New Delhi: The Budget session of Parliament is likely to start on February 23 and the general budget for the year 2006-07 will be presented on February 28, sources said.
The Finance Minister P. Chidambaram held a meeting today with eminent economists here today as part of the pre-budget consultations with various interest groups. Welcoming the participating Economists, the Finance Minister invited them to give suggestions for the forthcoming Union Budget.
The various suggestions offered by the economists include the following:

• Remove endowment restrictions on investment allocation for expanding higher education facilities, which is a crying need at this stage of the country’s economic development.
• Introduce a new regulatory architecture for higher education for removing entry barriers, enhancing quality of education and improving access of disadvantaged groups to such education.
• Change the rules governing ‘not for profit’ educational institutions for encouraging greater involvement of private enterprise in higher education.
• Consider introduction of an ‘inheritance tax’ with tax concessions for philanthropic contributions to educational institutions on the lines prevailing in the US for encouraging growth and expansion of educational institutions.
• Offer scholarships to children entering sixth standard, on the lines of the existing National Talent Search scheme, for improving enrollment in upper primary (6th-8th standards) schools and also monitoring outcomes.
• Reduce customs duties and narrow the gap between peak and floor rates.
• Remove the existing exemptions from the indirect tax regime.
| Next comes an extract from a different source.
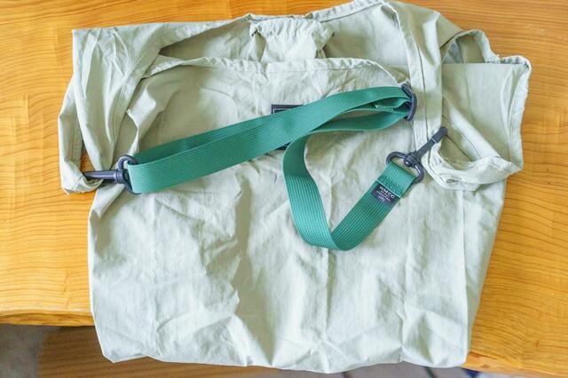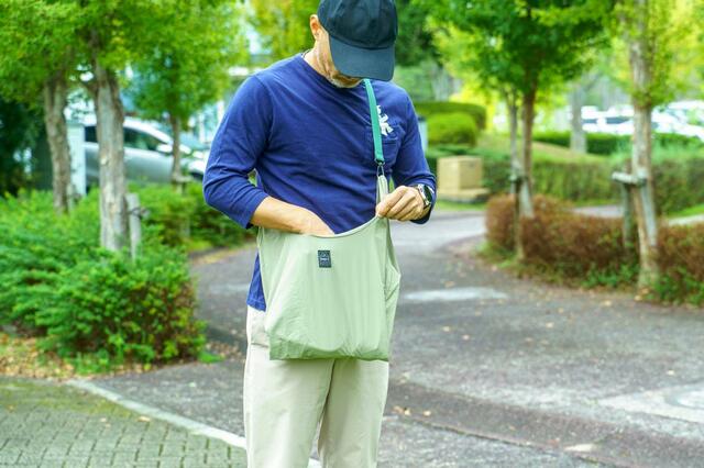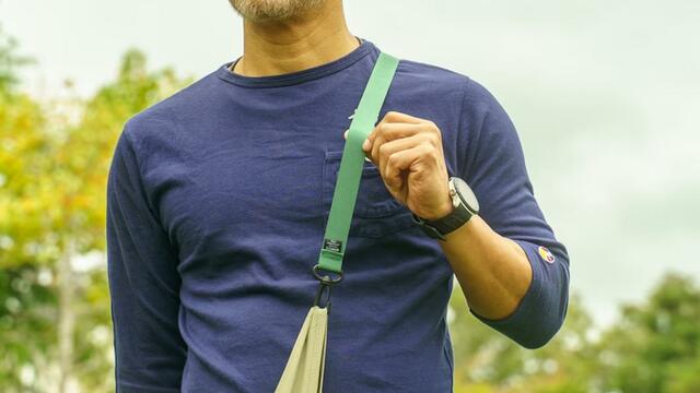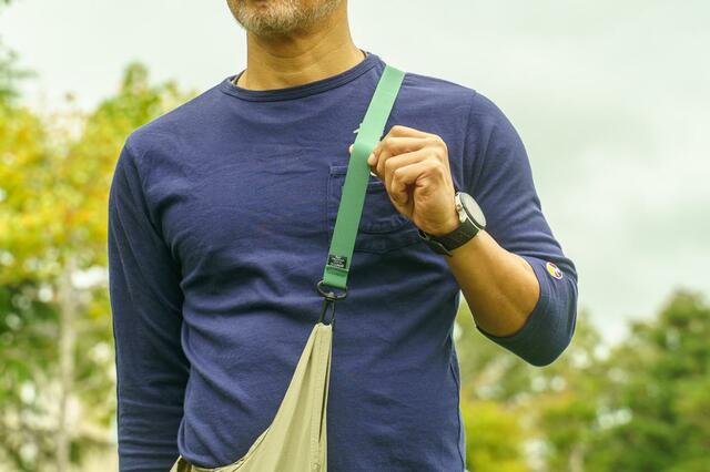 僕が気に入っているのは、小さめのエコバッグとの組み合わせ。ストラップを付けて斜め掛けすると、まるでサコッシュのような雰囲気に。

• Maintain the existing corporate income tax structure but review the existing exemptions.
• Simplify and rationalize the indirect tax system by removing existing exemptions for the small scale sector and special category States.
• Remove the Central Sales Tax by announcing a road map for its elimination, to derive the maximum benefit of the new State level VAT regime and to ensure optimum location of economic activity across States.
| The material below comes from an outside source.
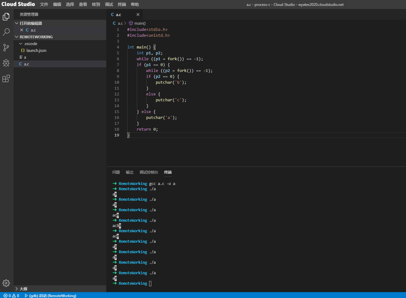 这时候我们开始编译,比如我的源码文件是 a.c 那么我们使用gcc a.c,就可以编译出一个 a.out 的可执行文件,当然你也可以加个参数,控制生成的可执行文件的名称,比如:gcc a.c -o a就可以编译成一个叫 a 的可执行文件

• Implement autonomy measures for unlocking productive potential of public sector banks.
• Emphasize expansion of rural non-farm activities in the overall policy thrust on rural development.
• Carry forward fiscal consolidation at the State and Central levels.
• Rationalize and simplify expenditure planning in government departments.
• Emphasize on performance-budgeting in social sectors and provide incentives to civil servants for good performance at the field level.
• Include improved corporate governance as an objective in formulation of tax policies pertaining to taxation of capital market instruments, for example, the issue of dividends in the hands of the recipients.
• Increase budgetary allocation for community care homes and crisis centres.
• Include quality, as a monitorable parameter, in disbursing funds for enhancing drinking water facilities.
• Strengthen the scope of the National Rural Employment Guarantee Act.
• Introduce measures for facilitating micro-enterprise development.
• Consider introduction of subsidies for encouraging corporate R&D.
• Introduce weighted tax incentives for different categories of incremental exports.
• Attach export obligation requirements on incoming FDI for increasing exports.
• Phase out tax incentives for software exports.
• Monitor the growing volume of FII inflows for avoiding undue volatility.
• Introduce efforts for developing a vibrant government bond market with wider participation and involvement of the exchanges
• Ensure a prominent role for the Government in the ongoing ‘Bharat Nirman’ initiative with regard to service provision for the poorest sections.
• Maintain the fringe benefit tax (FBT) while gathering experience regarding its better implementation.

The meeting was attended by eminent economists and economic experts from various professional, educational and research institutions of the country, along with senior officers of the Ministry of Finance.